● TASK DESCRIPTION: Please, without any pictures, transcribe the lines from the one holding "Faces of Faery" to the end of the listing, both ends included.

● DATA EXCERPT:

..........

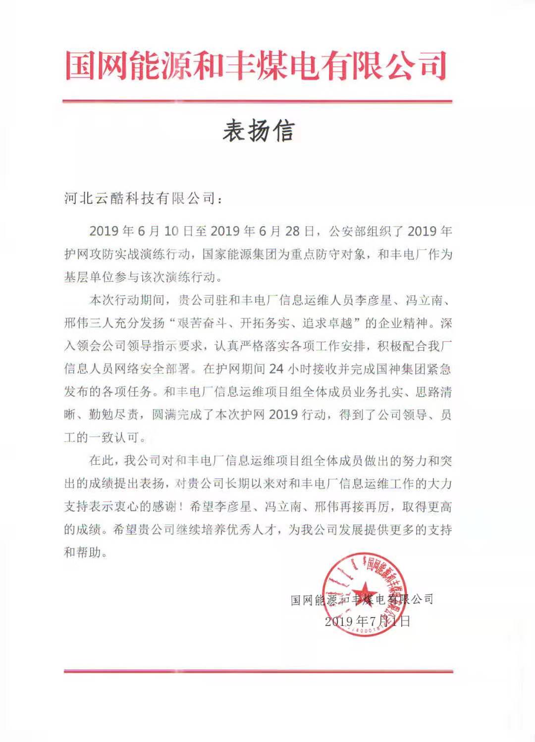云酷科技運維服務部的四位同事憑借優異的技術實力和敬業精神,在本次的演練行動中獲得某煤電有限公司的高度贊揚,并向我司發來了表揚信:
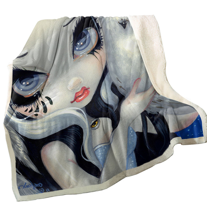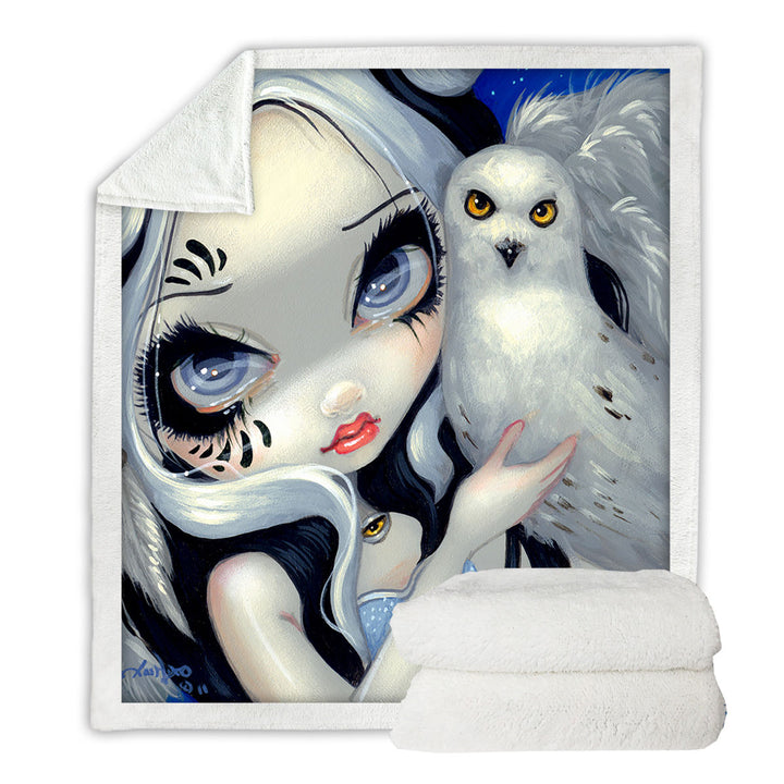 Faces of Faery #149 Goth Girl with Her White Owl Throw Blanket
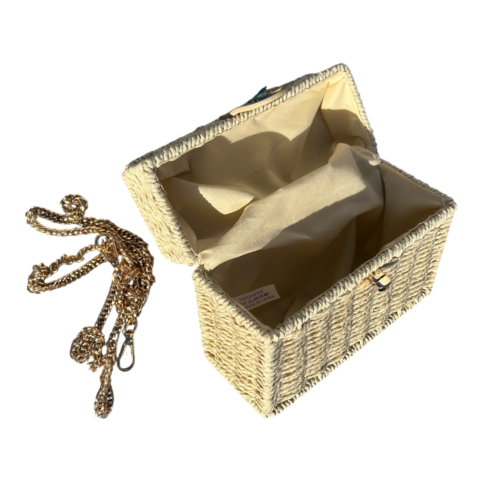 Der goldene Drehverschluss sorgt für sicheren Halt, während die abnehmbare Schulterkette mehrere Tragemöglichkeiten ermöglicht.

..........

● SOLVED PROBLEM:
 Faces of Faery #149 Goth Girl with Her White Owl Throw Blanket
 Der goldene Drehverschluss sorgt für sicheren Halt, während die abnehmbare Schulterkette mehrere Tragemöglichkeiten ermöglicht.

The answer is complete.